Before printing, remove every picture; then print the lines below exactly, from the first line through the line containing "Thiago Mazza (1984, Belo".

========================================

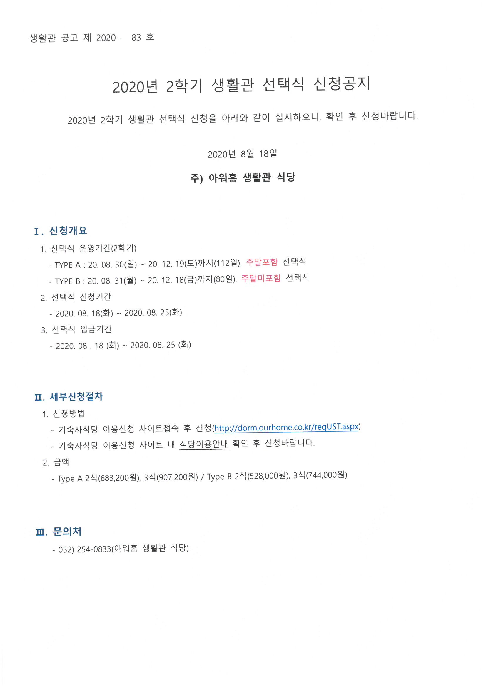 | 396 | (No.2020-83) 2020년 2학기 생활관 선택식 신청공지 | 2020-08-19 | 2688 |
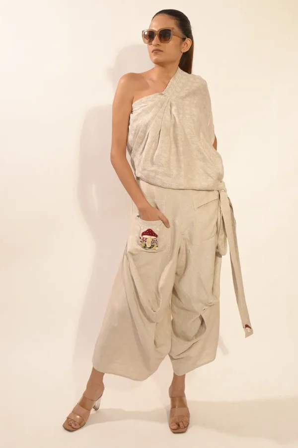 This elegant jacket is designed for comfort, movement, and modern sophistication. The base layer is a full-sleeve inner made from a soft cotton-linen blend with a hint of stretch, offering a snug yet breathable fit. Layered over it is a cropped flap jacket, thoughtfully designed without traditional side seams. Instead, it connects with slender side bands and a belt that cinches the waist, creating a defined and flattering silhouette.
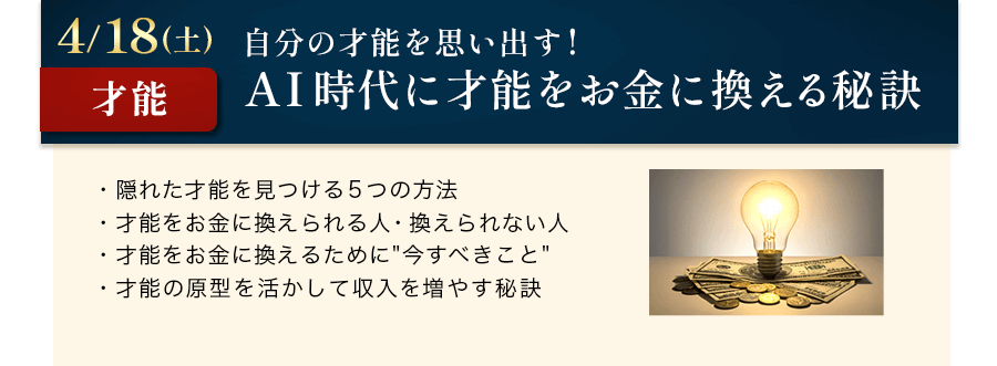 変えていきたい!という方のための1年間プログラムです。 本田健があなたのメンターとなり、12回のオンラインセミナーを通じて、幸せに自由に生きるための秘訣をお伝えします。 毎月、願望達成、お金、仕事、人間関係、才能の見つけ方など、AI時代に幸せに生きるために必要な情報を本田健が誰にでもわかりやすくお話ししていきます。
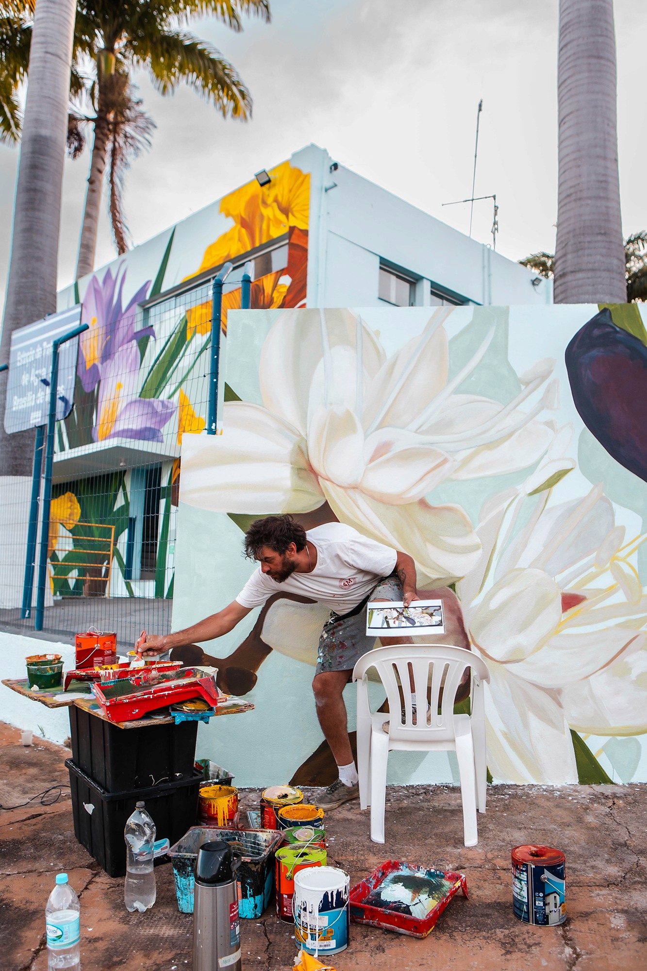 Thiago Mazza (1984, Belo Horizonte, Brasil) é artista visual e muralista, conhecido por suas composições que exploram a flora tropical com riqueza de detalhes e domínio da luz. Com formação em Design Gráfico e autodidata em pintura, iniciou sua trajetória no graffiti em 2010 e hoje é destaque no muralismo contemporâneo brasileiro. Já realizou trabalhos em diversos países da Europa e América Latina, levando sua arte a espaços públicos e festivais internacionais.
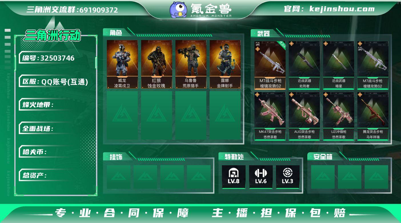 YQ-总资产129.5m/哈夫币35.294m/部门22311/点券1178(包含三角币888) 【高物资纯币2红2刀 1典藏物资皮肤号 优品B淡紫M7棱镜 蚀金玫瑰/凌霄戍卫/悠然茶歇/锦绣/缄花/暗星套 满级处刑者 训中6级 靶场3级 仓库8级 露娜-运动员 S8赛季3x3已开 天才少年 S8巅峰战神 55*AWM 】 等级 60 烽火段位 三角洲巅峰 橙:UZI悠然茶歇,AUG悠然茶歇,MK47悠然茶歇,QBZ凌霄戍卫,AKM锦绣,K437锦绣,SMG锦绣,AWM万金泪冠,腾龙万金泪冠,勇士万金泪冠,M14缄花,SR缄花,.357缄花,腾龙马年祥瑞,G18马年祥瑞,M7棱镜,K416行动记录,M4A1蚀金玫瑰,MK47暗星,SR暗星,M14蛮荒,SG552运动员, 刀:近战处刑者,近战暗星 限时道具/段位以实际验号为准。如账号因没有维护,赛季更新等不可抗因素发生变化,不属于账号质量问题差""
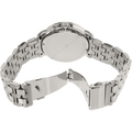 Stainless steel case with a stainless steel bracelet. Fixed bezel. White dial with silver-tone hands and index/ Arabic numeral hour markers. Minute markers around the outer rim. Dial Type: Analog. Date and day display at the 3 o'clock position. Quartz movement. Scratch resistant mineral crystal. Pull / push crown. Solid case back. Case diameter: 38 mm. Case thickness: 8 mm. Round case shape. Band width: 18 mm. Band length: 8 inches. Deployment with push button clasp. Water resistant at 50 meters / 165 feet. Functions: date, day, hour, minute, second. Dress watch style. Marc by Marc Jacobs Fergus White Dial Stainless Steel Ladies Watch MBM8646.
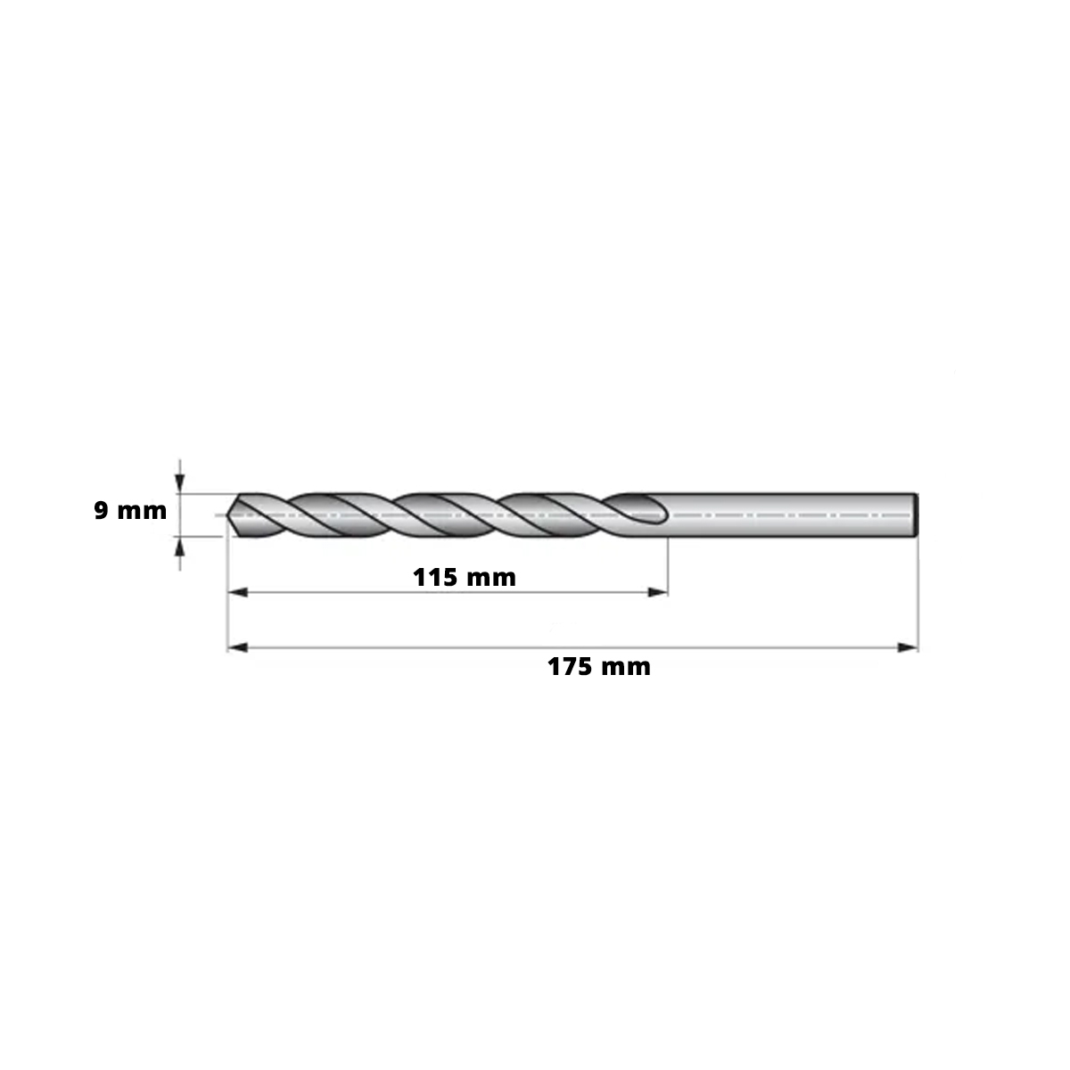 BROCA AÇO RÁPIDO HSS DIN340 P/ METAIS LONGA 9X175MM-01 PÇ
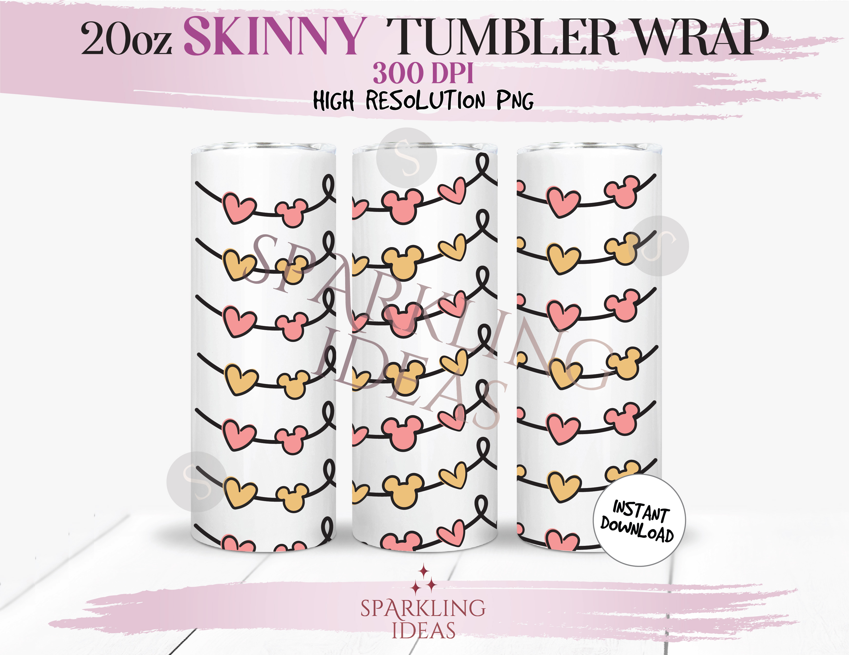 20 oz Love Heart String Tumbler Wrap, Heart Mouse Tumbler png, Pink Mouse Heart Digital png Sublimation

========================================

_Problem solution_
 | 396 | (No.2020-83) 2020년 2학기 생활관 선택식 신청공지 | 2020-08-19 | 2688 |
 This elegant jacket is designed for comfort, movement, and modern sophistication. The base layer is a full-sleeve inner made from a soft cotton-linen blend with a hint of stretch, offering a snug yet breathable fit. Layered over it is a cropped flap jacket, thoughtfully designed without traditional side seams. Instead, it connects with slender side bands and a belt that cinches the waist, creating a defined and flattering silhouette.
 変えていきたい!という方のための1年間プログラムです。 本田健があなたのメンターとなり、12回のオンラインセミナーを通じて、幸せに自由に生きるための秘訣をお伝えします。 毎月、願望達成、お金、仕事、人間関係、才能の見つけ方など、AI時代に幸せに生きるために必要な情報を本田健が誰にでもわかりやすくお話ししていきます。
 Thiago Mazza (1984, Belo Horizonte, Brasil) é artista visual e muralista, conhecido por suas composições que exploram a flora tropical com riqueza de detalhes e domínio da luz. Com formação em Design Gráfico e autodidata em pintura, iniciou sua trajetória no graffiti em 2010 e hoje é destaque no muralismo contemporâneo brasileiro. Já realizou trabalhos em diversos países da Europa e América Latina, levando sua arte a espaços públicos e festivais internacionais.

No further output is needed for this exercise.